キム氏は現在、米バージニア州シャーロッツビルにあるトリニティー長老教会の牧師を務めている。NAEの会長には来年1月1日に就任するが、その後も同教会の牧会チームの一員として牧師の働きは継続する。同教会の前には、200年余りの歴史があるボストンのパークストリート教会で15年間牧会経験を積んだ。同教会はNAE創設時にも重要な役割を担った。キム氏自身は、2013年からNAEの理事を務め、NAEが主催するイベントや出版に携わり、倫理問題や教会生活、人種的和解、性に関する問題など、さまざまな課題に取り組んできた。
米ノースウェスタン大学で学士号(哲学、歴史学)、カナダのリージェント大学で修士号(神学)、米ハーバード大学近東言語文化研究科で博士号(Ph.D)を取得。アメリカ長老教会(PCA)と保守会衆派キリスト教会議(CCCC)で牧師としての資格を有する。各種集会で講師として活躍しており、米クリスチャニティー・トゥデー誌の理事も務めている。
NAE理事会のロイ・テイラー議長は、「実績のある牧師であり、学者であり、ソートリーダー(思想的指導者)でもあるキム氏は、これらの能力を十分に生かして、この米国福音同盟の今後10年を導くことでしょう」とコメント。キム氏の選出を歓迎した。
キム氏の選出は、2006年から会長を務めているリース・アンダーソン氏が今年2月、任期満了を迎える今年末で退任する意向を示したことで行われた。
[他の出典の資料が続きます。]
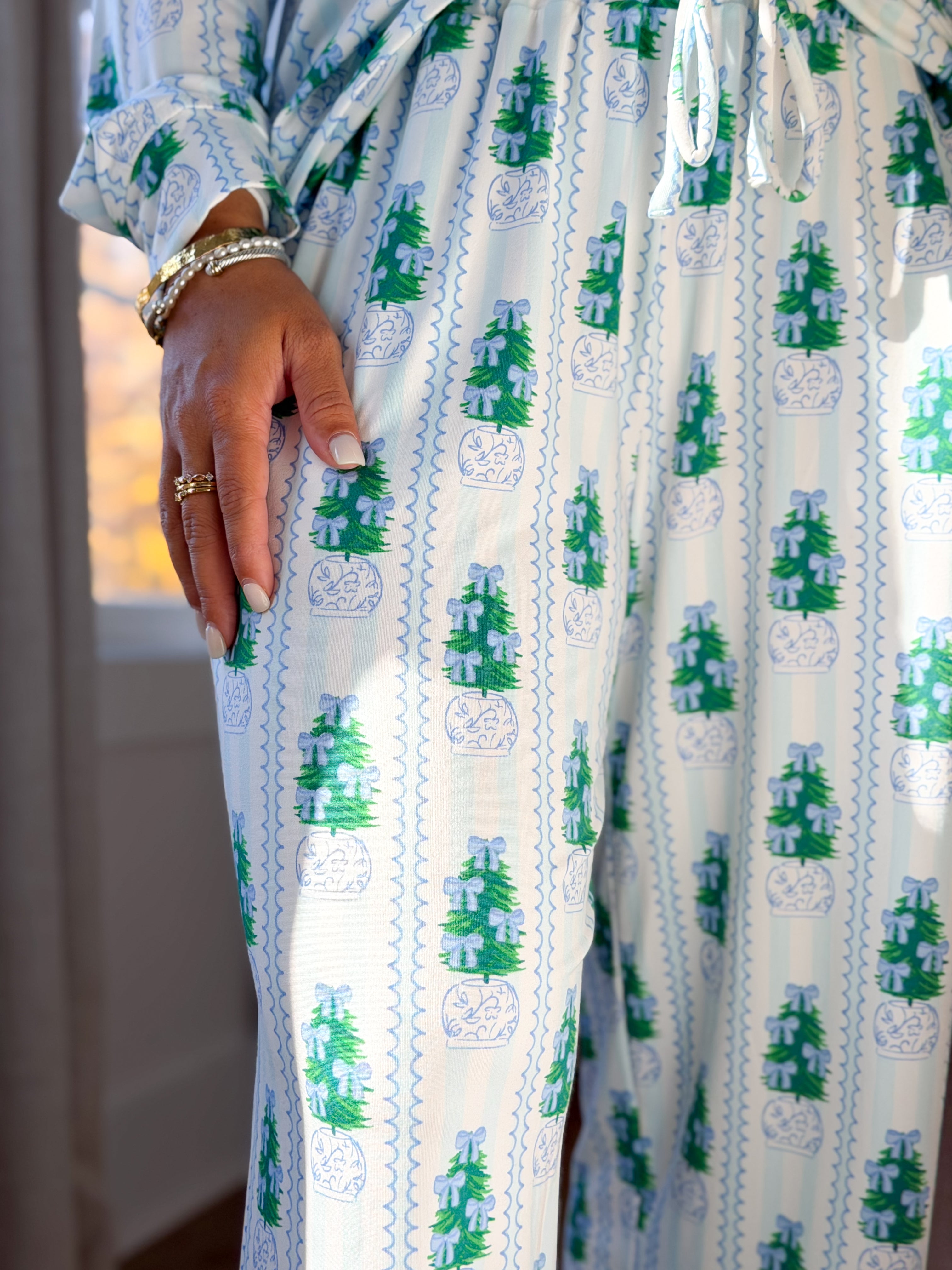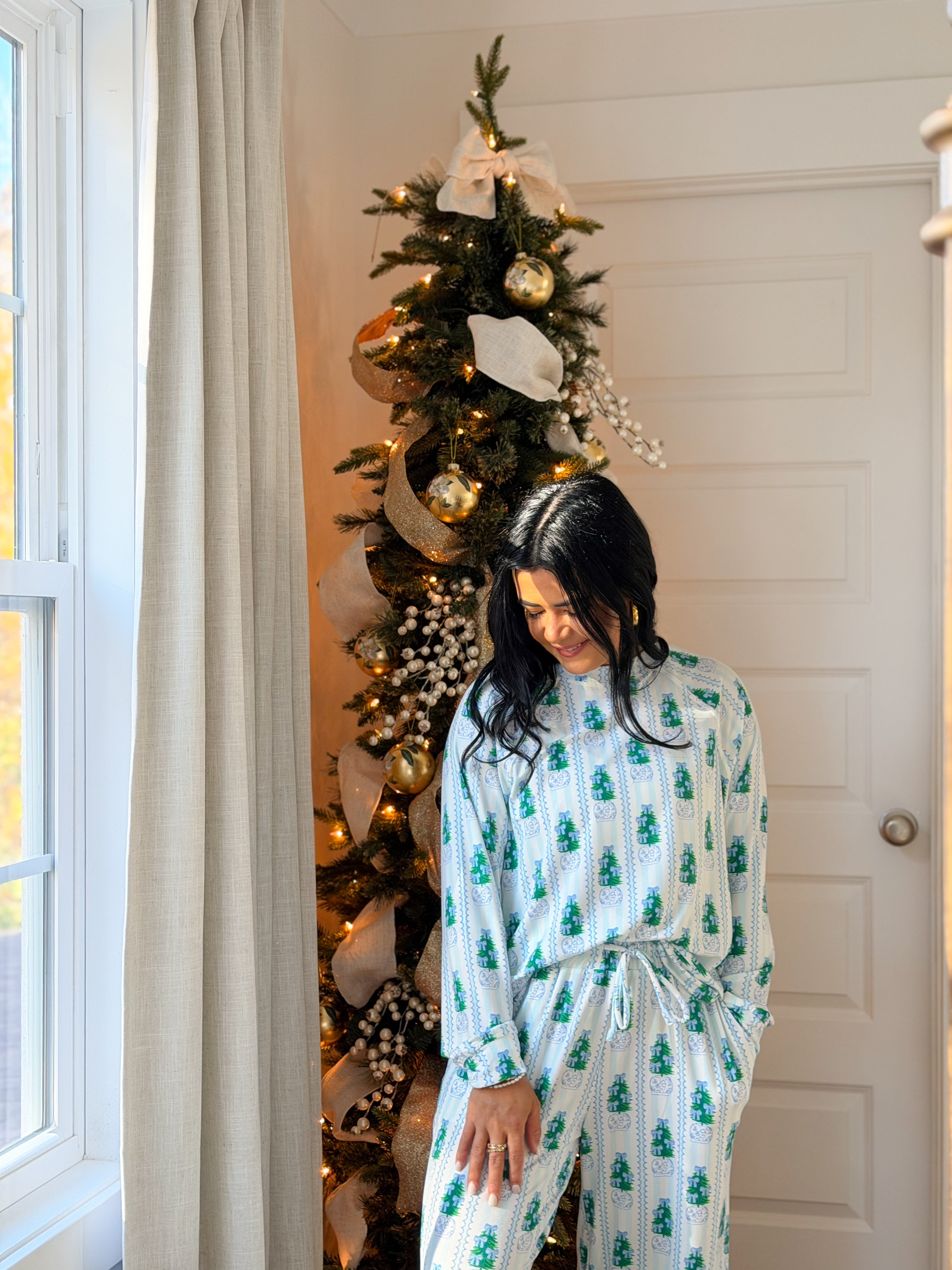 The Chinoiserie Christmas Pajama Set feels like slipping into a cloud. The fabric is silky-soft and stretchy, and the print is pure Southern charm—wreaths, greenery, and tiny Christmas trees set inside blue & white ginger jars. It’s the grandmillennial holiday pajama dreams are made of.
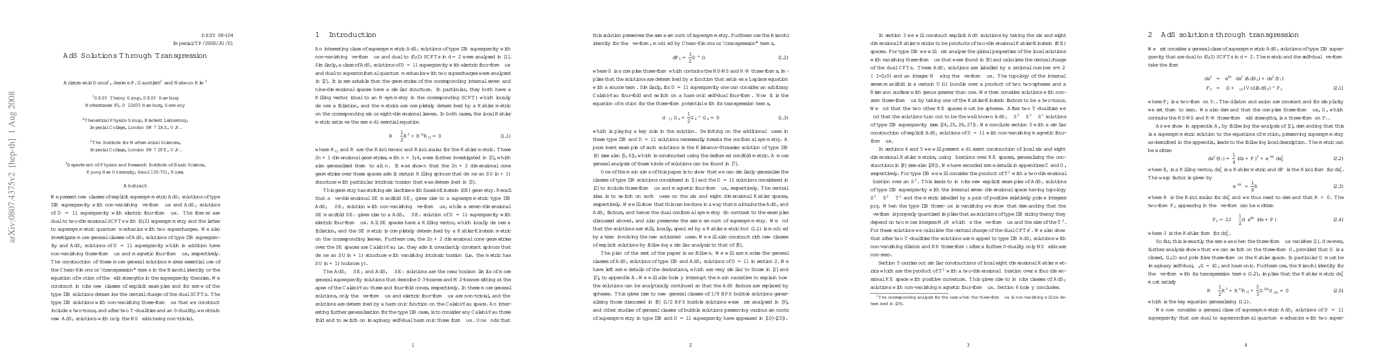 We present new classes of explicit supersymmetric AdS_3 solutions of type IIB supergravity with non-vanishing five-form flux and AdS_2 solutions of D=11 supergravity with electric four-form flux. The former are dual to two-dimensional SCFTs with (0,2) supersymmetry and the latter to supersymmetric quantum mechanics with two supercharges. We also investigate more general classes of AdS_3 solutions of type IIB supergravity and AdS_2 solutions of D=11 supergravity which in addition have non-vanishing three-form flux and magnetic four-form flux, respectively. The construction of these more general solutions makes essential use of the Chern-Simons or "transgression" terms in the Bianchi identity or the equation of motion of the field strengths in the supergravity theories. We construct infinite new classes of explicit examples and for some of the type IIB solutions determine the central charge of the dual SCFTs. The type IIB solutions with non-vanishing three-form flux that we construct include a two-torus, and after two T-dualities and an S-duality, we obtain new AdS_3 solutions with only the NS fields being non-trivial.
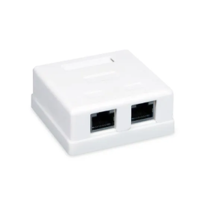 Для внешнего монтажа. Корпус настенной розетки состоит из основания и крышки. Конструкция выполнена из высококачественного пластика. Внутри расположены 2 модуля RJ-45, FTP, стандарта категории 6. Крепёжные элементы для монтажа включены в комплект. Корпус крепится к поверхности при помощи двух винтов и шурупов.
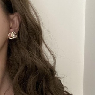 영블리 E372 진주 포인트 까멜리아 동백꽃 귀걸이
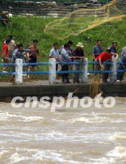 今夏淮河洪水淹没千里渔米之乡的鱼塘,养鱼农民血本无归。安徽省阜阳县的养鱼农民坐在洪水边欲哭无泪。中新社记者:贾国荣

アンダーソン氏は「キム氏は、人々の人生に影響を与え、地域社会を変革し、文化を変える福音に対してとても情熱的で、その情熱は多くの人たちに伝わっていくことでしょう」と述べ、期待を示した。
一方、キム氏は「米国福音同盟は、善きことに対して極めて重要な影響力を持つ組織であり、謹んでこの奉仕に当たります。私たちには、福音を証しし、そのために働くという差し迫った召命があり、この組織を導くことを委ねられたことは非常な光栄です」と語った。
理事会ではこの他、新議長にグレナーデン第一バプテスト教会牧師(メリーランド州)のジョン・ジェンキンス氏を、新副議長にウェスレアン教会(米インディアナ州に本部を置くメソジスト派教団)名誉総監督兼大使のジョー・アン・リオン氏を選出した。2人は現在、NAEの執行委員会のメンバーで、ジェンキンス氏は理事会の副議長も務めている。2人は来年3月に開催される次期理事会以降、新しい役職に就く。